Tresiba is FDA Pregnancy Category not assigned under the current labeling system; the FDA label characterizes available human data as insufficient to determine drug-associated risk [1]. ACOG and the ADA both recommend that clinicians switch pregnant patients to NPH or insulin detemir for basal coverage due to the larger safety evidence base with those agents [6, 15]. Pennsylvania prenatal care providers should discuss insulin choice explicitly at the first OB visit for patients already on degludec.

Telehealth-Specific Guidance for Pennsylvania Patients

Pennsylvania's telehealth prescribing law, codified under Act 44 of 2024, explicitly permits electronic prescriptions for non-controlled medications (including insulin) following a telehealth evaluation that meets the standard of care [5]. No prior in-person visit is required for Tresiba prescribing via telehealth in Pennsylvania.

The Pennsylvania Medical Society and the Pennsylvania Telehealth Collaborative support asynchronous-plus-synchronous care models for diabetes management, provided the prescriber reviews lab data and conducts a real-time or near-real-time patient interaction [5]. Video visits are preferred; audio-only visits are permitted when video is not available to the patient, consistent with federal telehealth flexibilities extended through 2025 [16].

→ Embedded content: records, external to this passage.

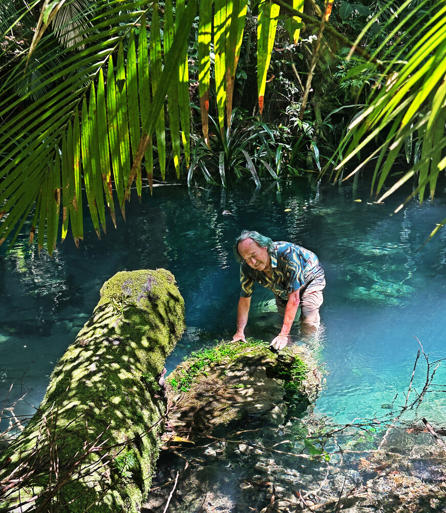 Patrick Blanc observing Leptochilus pteropus subsp. minor creeping on a submerged dead log, Waigeo, Papua, May 2025
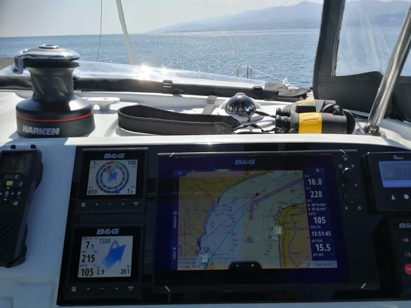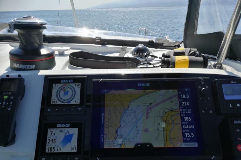 | Navigation | Barometer, Fernglas, GPS mit Kartenplotter im Cockpit, Hafenhandbücher, Kompass, Navigationsbesteck, Seekarten, Tridata (Log, Echolot, Windm.), Windmesser |
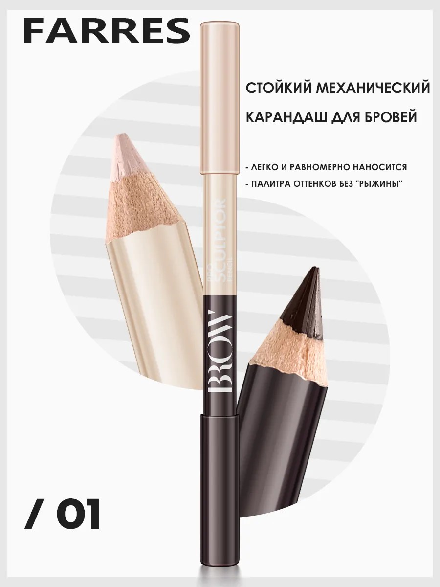 contour pencil is a versatile product that's perfect for lip, eye, or eyebrow makeup. This Farres product will help you create beautiful looks for every day or special occasions. Its optimal shape makes it comfortable to hold. This double-ended beauty product is a colored pencil on one side and a highlighter on the other. Its non-mechanical rods ensure quick and easy correction, helping to shape eyebrows according to hair growth and prevent smudging. The pencil is easy to blend, allowing for a variety of application options. The brand's collection offers several colors: light brown, dark brown (chocolate), chestnut, and black. This is a great option for creating freckles. The long-lasting "Brow" pencil will easily become part of a cosmetics gift set, perfect for giving to your beloved mother, friend, or sister for a birthday, Women's Day, anniversary, or just because. This product is hypoallergenic. The right texture will help you quickly achieve the desired effect. This multifunctional tool for creating precise lines, shaping eyeliner, and even contouring will find its place among decorative cosmetics and facial care products. It is ideal for contouring, shaping, and shaping eyebrows, eyes, and lips. The soft wax rod has a long-lasting formula and does not smudge. The thin tip helps create graphic eyeliner, and the powder highlighter adds vibrant accents to your finished look. This cosmetic product, based on natural ingredients, is ideal for dry, oily, sensitive, combination, and problematic skin. It also offers matte and pearlescent shades. It is a wonderful option for creating nude, natural, or vibrant makeup looks for every day or for special occasions. We have promotions and sales, so you can buy our products as gifts at a discount!

Patients in rural Pennsylvania counties (Centre, Clinton, Cameron, McKean, Potter, Sullivan, and Tioga counties have among the lowest endocrinologist-per-capita ratios in the state) benefit most from telehealth-based Tresiba access. A 2023 CDC analysis found that rural Pennsylvania adults with diabetes were 22% less likely to see a specialist compared with urban counterparts, largely driven by distance and transportation barriers [17].